● THE PROBLEM:
Every line below from the one with "Maxim LightingStately lanterns" through the one with "服务老师对会员做心理咨询会员很满意" should be retyped exactly, both ends included; no other lines and no pictures.

● DATASET RECORDS:
────────────────────
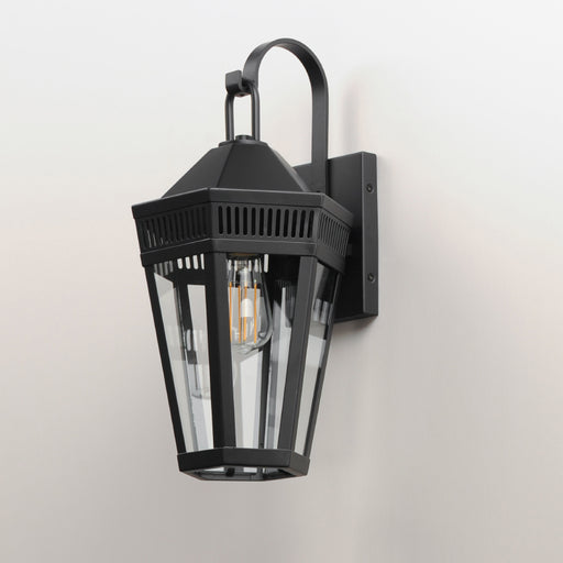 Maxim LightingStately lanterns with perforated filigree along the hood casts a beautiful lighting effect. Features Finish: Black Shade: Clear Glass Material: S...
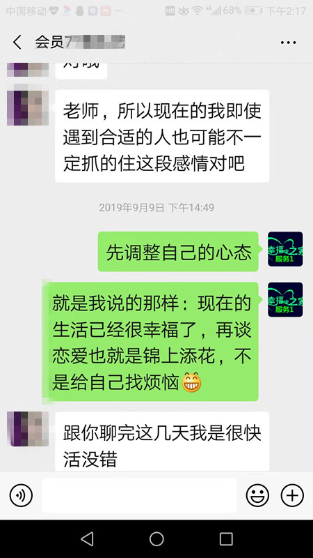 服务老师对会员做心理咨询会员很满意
────────────────────
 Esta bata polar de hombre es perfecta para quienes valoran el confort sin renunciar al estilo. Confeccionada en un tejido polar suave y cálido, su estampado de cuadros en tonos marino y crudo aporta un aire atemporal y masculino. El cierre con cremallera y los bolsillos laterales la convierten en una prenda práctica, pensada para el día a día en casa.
────────────────────
● THE ANSWER:
 Maxim LightingStately lanterns with perforated filigree along the hood casts a beautiful lighting effect. Features Finish: Black Shade: Clear Glass Material: S...
 服务老师对会员做心理咨询会员很满意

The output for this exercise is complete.